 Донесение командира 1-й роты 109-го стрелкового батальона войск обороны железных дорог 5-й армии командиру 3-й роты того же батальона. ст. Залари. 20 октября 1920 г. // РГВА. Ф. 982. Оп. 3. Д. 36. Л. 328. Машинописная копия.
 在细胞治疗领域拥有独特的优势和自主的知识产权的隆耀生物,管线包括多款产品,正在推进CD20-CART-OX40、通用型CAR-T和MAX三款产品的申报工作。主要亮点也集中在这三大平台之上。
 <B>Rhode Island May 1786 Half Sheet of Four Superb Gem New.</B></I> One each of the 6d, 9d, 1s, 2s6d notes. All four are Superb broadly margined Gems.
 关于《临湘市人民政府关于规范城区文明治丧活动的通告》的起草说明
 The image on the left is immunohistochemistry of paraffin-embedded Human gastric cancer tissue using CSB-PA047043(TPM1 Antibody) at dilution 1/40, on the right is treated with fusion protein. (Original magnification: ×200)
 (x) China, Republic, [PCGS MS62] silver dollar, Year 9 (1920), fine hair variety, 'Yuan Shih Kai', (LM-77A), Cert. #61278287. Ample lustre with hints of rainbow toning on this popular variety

++++

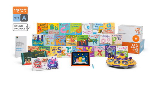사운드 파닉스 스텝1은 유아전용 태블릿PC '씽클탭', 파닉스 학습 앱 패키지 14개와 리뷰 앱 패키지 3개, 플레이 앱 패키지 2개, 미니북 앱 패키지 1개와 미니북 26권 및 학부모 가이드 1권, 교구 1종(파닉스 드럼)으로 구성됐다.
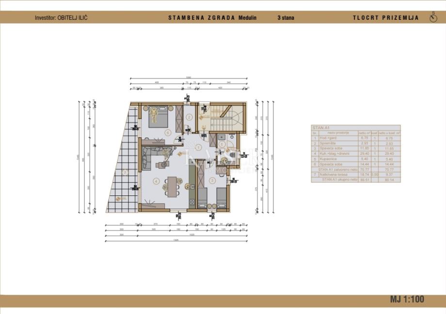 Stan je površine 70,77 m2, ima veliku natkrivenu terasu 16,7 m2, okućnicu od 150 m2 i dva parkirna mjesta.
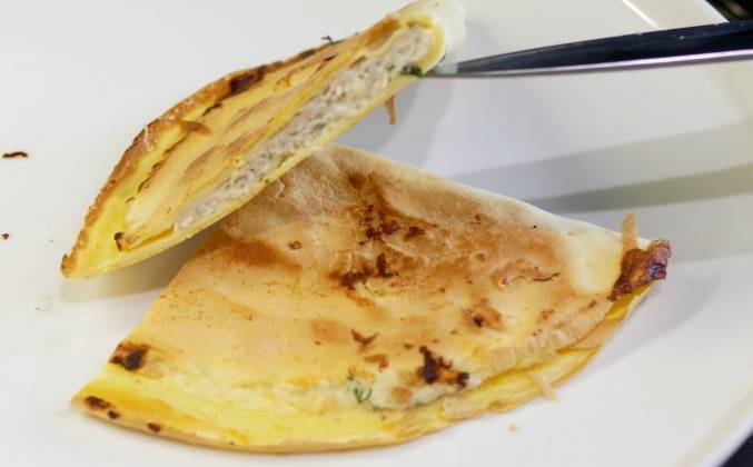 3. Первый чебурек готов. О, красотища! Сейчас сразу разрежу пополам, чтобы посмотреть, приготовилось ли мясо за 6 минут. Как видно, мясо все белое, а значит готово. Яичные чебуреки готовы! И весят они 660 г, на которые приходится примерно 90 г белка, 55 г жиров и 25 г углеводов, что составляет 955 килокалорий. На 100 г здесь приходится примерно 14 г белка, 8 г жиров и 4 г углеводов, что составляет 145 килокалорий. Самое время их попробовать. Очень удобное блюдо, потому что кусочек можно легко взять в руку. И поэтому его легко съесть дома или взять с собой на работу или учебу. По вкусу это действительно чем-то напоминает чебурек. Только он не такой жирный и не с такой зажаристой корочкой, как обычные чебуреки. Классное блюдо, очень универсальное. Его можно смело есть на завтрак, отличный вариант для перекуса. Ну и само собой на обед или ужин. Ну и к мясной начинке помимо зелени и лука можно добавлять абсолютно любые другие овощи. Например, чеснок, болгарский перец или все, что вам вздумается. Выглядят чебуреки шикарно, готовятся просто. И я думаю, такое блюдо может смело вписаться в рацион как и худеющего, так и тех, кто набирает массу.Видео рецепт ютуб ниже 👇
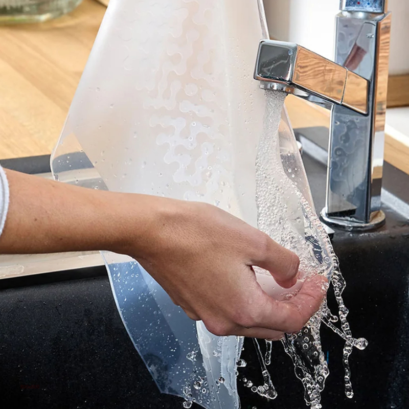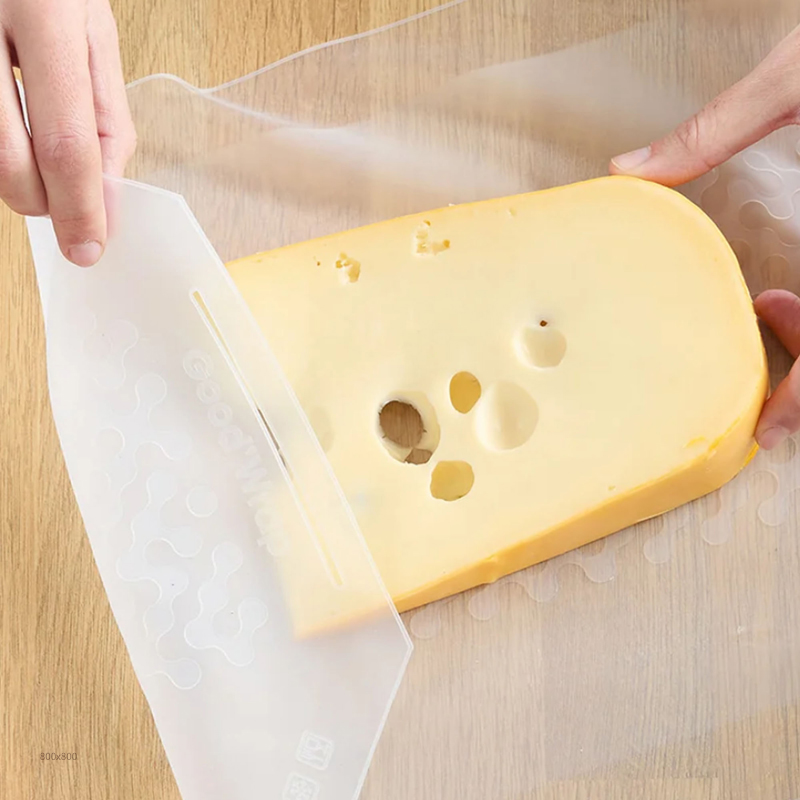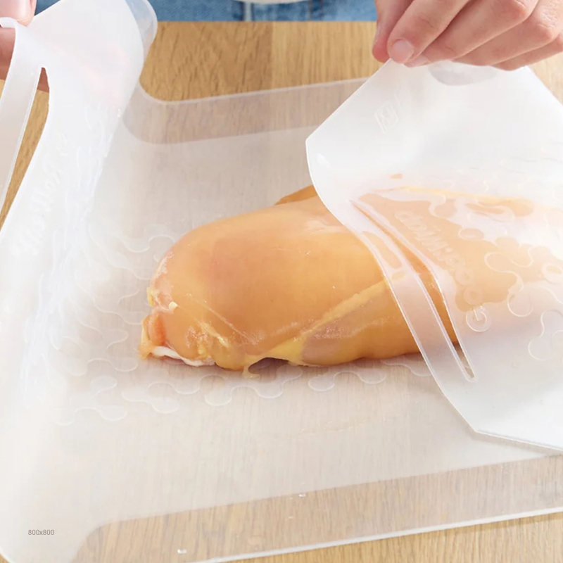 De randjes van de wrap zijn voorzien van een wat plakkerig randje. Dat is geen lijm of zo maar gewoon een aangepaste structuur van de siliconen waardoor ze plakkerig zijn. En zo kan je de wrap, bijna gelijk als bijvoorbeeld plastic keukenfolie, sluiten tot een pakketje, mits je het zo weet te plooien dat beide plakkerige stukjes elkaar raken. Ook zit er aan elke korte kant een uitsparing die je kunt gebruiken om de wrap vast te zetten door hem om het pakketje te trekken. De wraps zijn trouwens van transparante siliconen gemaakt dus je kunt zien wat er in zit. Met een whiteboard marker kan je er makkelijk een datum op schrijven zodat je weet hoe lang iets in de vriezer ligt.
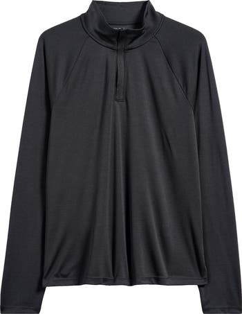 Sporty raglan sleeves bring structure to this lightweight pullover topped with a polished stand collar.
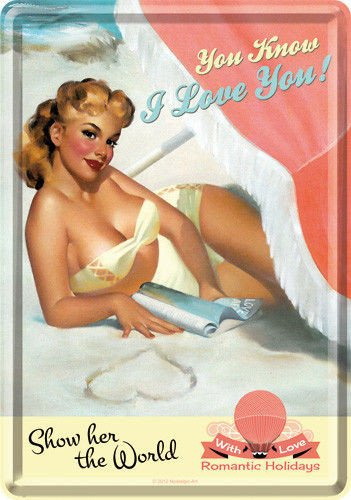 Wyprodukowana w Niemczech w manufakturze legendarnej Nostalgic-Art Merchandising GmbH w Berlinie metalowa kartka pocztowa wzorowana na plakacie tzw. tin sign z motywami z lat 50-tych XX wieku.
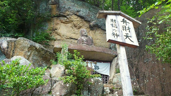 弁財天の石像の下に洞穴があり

++++

### WORK ORDER
Only the lines above starting with the one with "Донесение командира 1-й" and going through the one with "(x) China, Republic, [PCGS" are to be copied, word for word and with both ends kept.

### EXERCISE RESPONSE
 Донесение командира 1-й роты 109-го стрелкового батальона войск обороны железных дорог 5-й армии командиру 3-й роты того же батальона. ст. Залари. 20 октября 1920 г. // РГВА. Ф. 982. Оп. 3. Д. 36. Л. 328. Машинописная копия.
 在细胞治疗领域拥有独特的优势和自主的知识产权的隆耀生物,管线包括多款产品,正在推进CD20-CART-OX40、通用型CAR-T和MAX三款产品的申报工作。主要亮点也集中在这三大平台之上。
 <B>Rhode Island May 1786 Half Sheet of Four Superb Gem New.</B></I> One each of the 6d, 9d, 1s, 2s6d notes. All four are Superb broadly margined Gems.
 关于《临湘市人民政府关于规范城区文明治丧活动的通告》的起草说明
 The image on the left is immunohistochemistry of paraffin-embedded Human gastric cancer tissue using CSB-PA047043(TPM1 Antibody) at dilution 1/40, on the right is treated with fusion protein. (Original magnification: ×200)
 (x) China, Republic, [PCGS MS62] silver dollar, Year 9 (1920), fine hair variety, 'Yuan Shih Kai', (LM-77A), Cert. #61278287. Ample lustre with hints of rainbow toning on this popular variety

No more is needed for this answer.